The only similar case I can think of to the AOO/LO one is the longstanding Emacs/XEmacs split. And frankly, that's not a situation any project should want to emulate. I suspect the project which benefited the most from *that* split was vim! ;)

So, my question, which started this subthread, remains: what reasons can AOO/ASF folks offer me to make me want to contribute to *their* project? I'm not a license fanatic (so "we're not share-alike" is not an incentive), and if I merely want to encourage diversity in the market, I have a variety of projects I can go help. What about AOO *specifically* would make me want to contribute to it instead LO *or a third option*?

If you can't answer that simple question, you may find it hard to keep onto any new developers you may happen to luck onto. Because there's a good question people will be asking them the same question.

What's next for Apache OpenOffice

Posted Sep 9, 2016 11:20 UTC (Fri) by jimjag (guest, #84477) [Link] (2 responses)

>But those other web servers aren't just forks of Apache.

nginx was a heavily modified fork of Apache 1.3

What's next for Apache OpenOffice

Posted Sep 9, 2016 12:12 UTC (Fri) by niner (subscriber, #26151) [Link]

Do you have any proof at all to back this claim?

Or do you mean "removed all Apache source and wrote new source" by "heavily modified fork"?

niginx' development history is available in full at http://hg.nginx.org/nginx

Version 0 available at http://hg.nginx.org/nginx/rev/0 has a staggering amount of 2241 lines of code according to cloc. This already includes sendfile support which did not appear until Apache 2.0.44 according to https://httpd.apache.org/docs/2.2/mod/core.html#enablesen...

What I cannot find is any reference at all to any of the central Apache http data structures or functions. None.

What's next for Apache OpenOffice

Posted Sep 9, 2016 19:58 UTC (Fri) by xtifr (guest, #143) [Link]

Is it? I had no idea. But in any case, nginx had a specific goal: higher performance. In the case of AOO vs. LO, that's already one of the LO goals. They've spent a lot of time looking at performance and efficiency, and they'll probably spend more.

So what's AOO's selling point? If you want to be a successful fork, you need *some* sort of selling point. For developers or users. I asked this at the start of the thread, and you ignored it, I asked it in the post you *just responded to* and you blatantly ignored it. Nobody needs a fork that exists *just to be* a fork. And, as should now be clear, nobody needs a fork whose only benefit is "we don't use a share-alike license". So what's the pitch?

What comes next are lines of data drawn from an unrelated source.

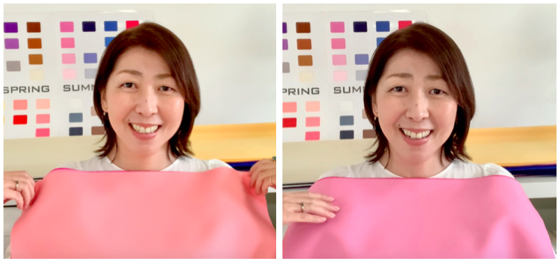 左側のスプリングのピンクの布を当てたほうが、明るく華やかな印象に見えませんか?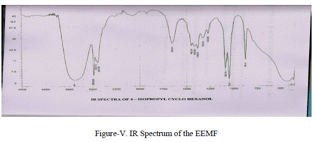 | 13C NMR Spectral values showed the following Chemical shift for the Carbon atoms δ 77.04 corresponds to C1.δ34.02, δ28.80, δ28.80 and δ24.07 were due to (-CH2-) groups. δ24.713 may be due to (-CH-) group.δ 16.942 and δ 22.43 Corresponds to (-CH3-) groups. From all the above studies, we concluded that the compound isolated from One of the component present in EEMF was found to be4-Isopropyl cyclohexanol. |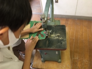 5年生では、図工で、電動糸のこぎりを使って作品を作っています。扱いにも、慣れているようでした。

The AOO folks are out begging for help, but they don't seem to be offering *any reasons* why someone would want to help them. Do you actually have a reason why you think AOO deserves our support? I don't know how to ask any more plainly than that. Oh, wait. If you do have a reason, *what is it?*

I am *bending over backwards* to try to be fair to AOO and give them a chance to explain their position and elicit my sympathy. The fact that I'm being pointedly ignored does not speak well for the project.

What's next for Apache OpenOffice

Posted Sep 9, 2016 9:04 UTC (Fri) by nim-nim (subscriber, #34454) [Link]

Those are all projects with a very small functional core. So being clever implementing this core is more critical than functional breadth, and a small team can quickly gain momentum.

Office suites are exactly the reverse, huge functional surface, huge document format compatibility requirements, no amount of cleverness can compensate lack of functional coverage, and coverage requires lots of coding.